:: Input ::

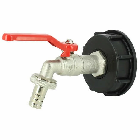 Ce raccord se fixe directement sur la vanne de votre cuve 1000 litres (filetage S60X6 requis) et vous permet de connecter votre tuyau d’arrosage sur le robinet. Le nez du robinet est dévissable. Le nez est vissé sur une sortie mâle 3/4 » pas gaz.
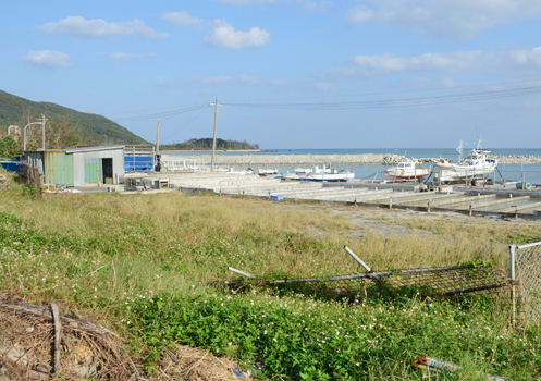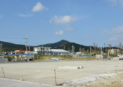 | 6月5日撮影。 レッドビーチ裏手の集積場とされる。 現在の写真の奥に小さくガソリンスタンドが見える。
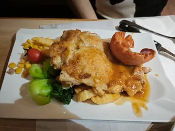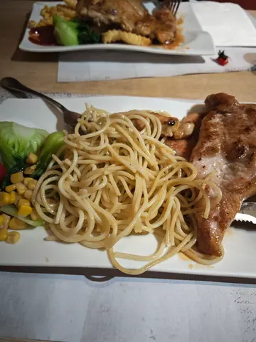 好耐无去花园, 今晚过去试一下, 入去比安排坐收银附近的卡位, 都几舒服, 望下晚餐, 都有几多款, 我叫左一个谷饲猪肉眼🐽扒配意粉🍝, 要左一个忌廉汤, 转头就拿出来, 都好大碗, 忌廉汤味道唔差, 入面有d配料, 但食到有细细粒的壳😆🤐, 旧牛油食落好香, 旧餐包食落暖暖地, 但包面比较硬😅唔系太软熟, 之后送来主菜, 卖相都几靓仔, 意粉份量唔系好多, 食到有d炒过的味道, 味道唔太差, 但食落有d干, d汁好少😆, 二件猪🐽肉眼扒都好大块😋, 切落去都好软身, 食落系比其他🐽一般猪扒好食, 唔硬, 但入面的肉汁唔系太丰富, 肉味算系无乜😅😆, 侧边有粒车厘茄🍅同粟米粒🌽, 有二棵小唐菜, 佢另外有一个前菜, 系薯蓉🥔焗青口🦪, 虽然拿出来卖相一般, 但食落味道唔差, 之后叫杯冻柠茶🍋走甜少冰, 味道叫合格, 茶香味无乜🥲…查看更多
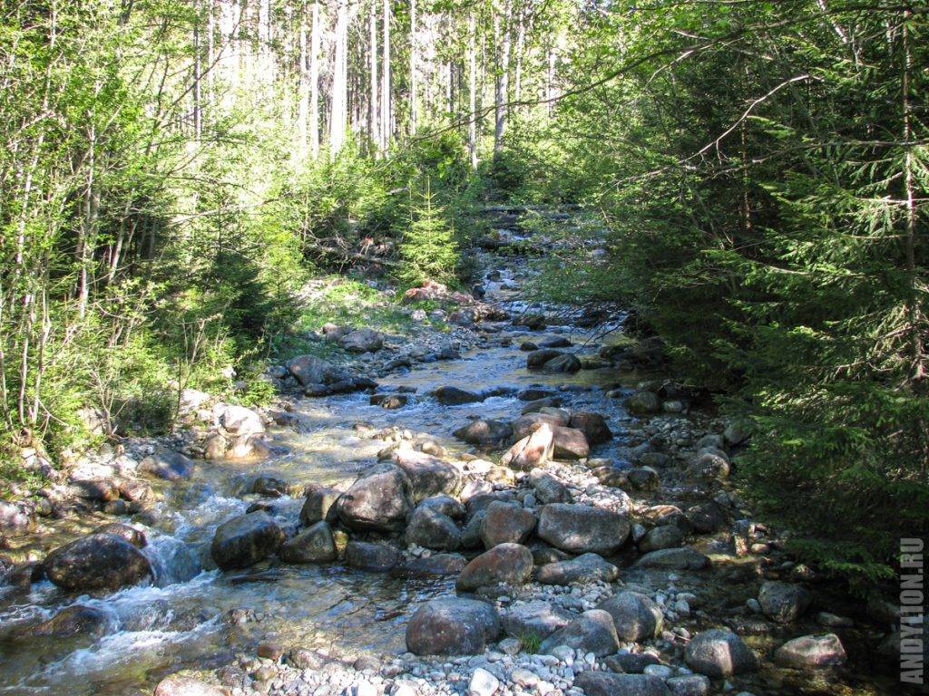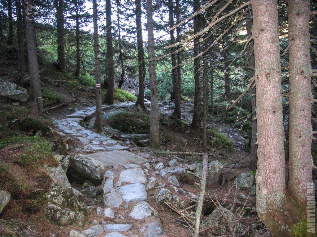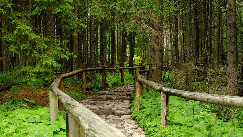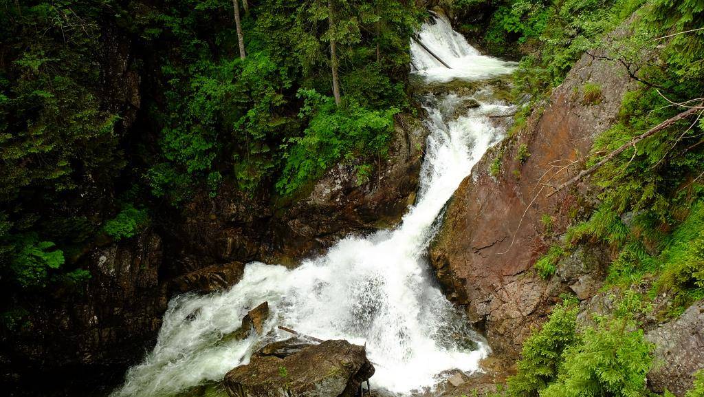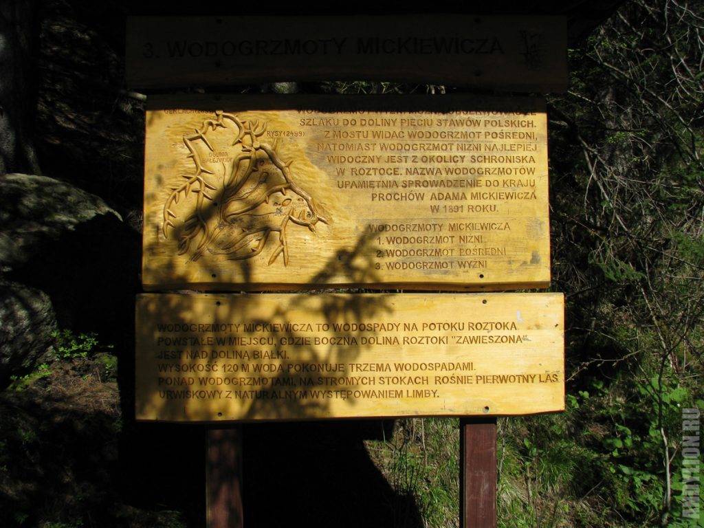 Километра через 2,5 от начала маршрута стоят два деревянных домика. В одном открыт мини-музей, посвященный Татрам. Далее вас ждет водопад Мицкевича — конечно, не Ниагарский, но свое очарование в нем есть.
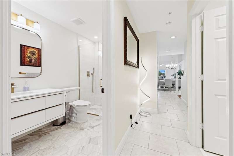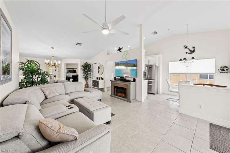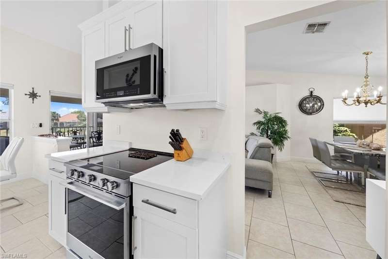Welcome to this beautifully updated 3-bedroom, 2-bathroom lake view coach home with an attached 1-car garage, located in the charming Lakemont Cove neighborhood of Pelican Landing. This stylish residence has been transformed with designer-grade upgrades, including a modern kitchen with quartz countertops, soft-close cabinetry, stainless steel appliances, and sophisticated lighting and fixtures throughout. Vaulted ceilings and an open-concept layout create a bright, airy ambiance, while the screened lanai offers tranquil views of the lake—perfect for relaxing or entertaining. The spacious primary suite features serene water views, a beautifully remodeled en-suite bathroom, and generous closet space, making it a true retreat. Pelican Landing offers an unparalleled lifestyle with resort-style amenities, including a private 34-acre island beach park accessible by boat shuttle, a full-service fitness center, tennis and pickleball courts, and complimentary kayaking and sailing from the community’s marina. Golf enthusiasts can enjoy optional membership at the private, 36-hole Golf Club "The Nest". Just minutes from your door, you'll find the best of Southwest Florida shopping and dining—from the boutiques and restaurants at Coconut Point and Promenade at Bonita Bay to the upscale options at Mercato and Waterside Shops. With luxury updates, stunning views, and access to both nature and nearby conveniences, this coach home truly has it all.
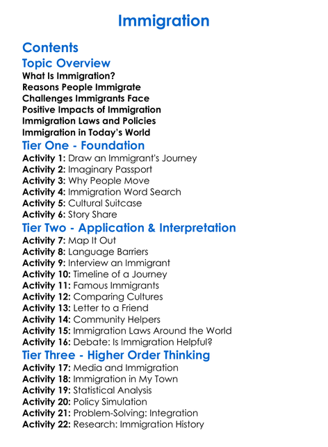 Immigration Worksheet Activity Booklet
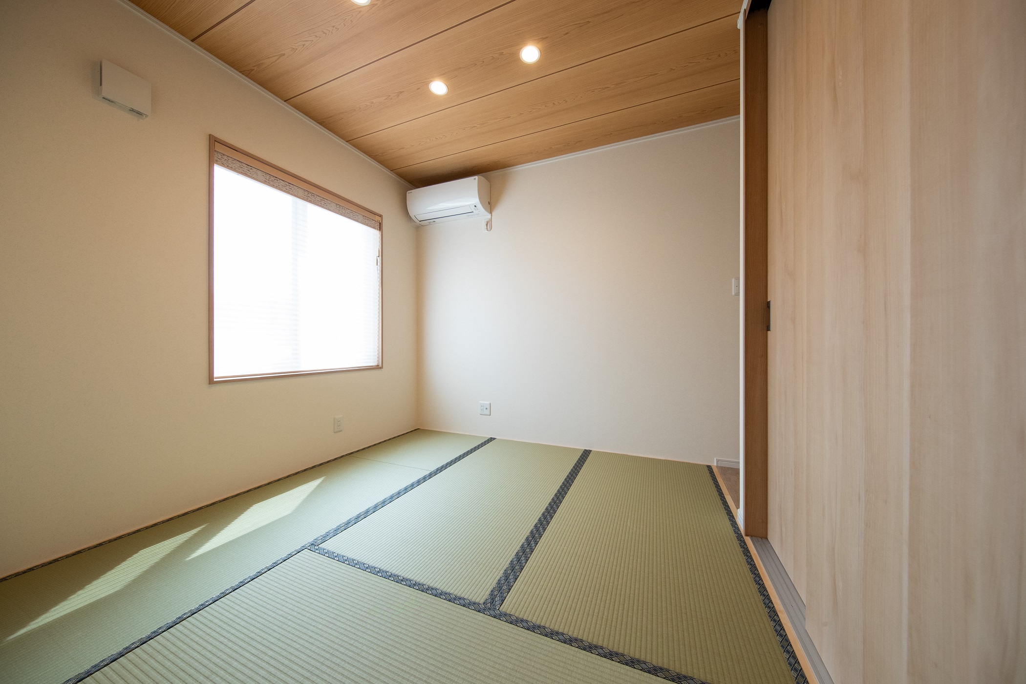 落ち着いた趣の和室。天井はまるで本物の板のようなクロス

:::

Only the lines from the one containing "Immigration Worksheet Activity Booklet" through the final line of the records should be retyped, exactly, with every picture omitted.

Solution -
 Immigration Worksheet Activity Booklet
 落ち着いた趣の和室。天井はまるで本物の板のようなクロス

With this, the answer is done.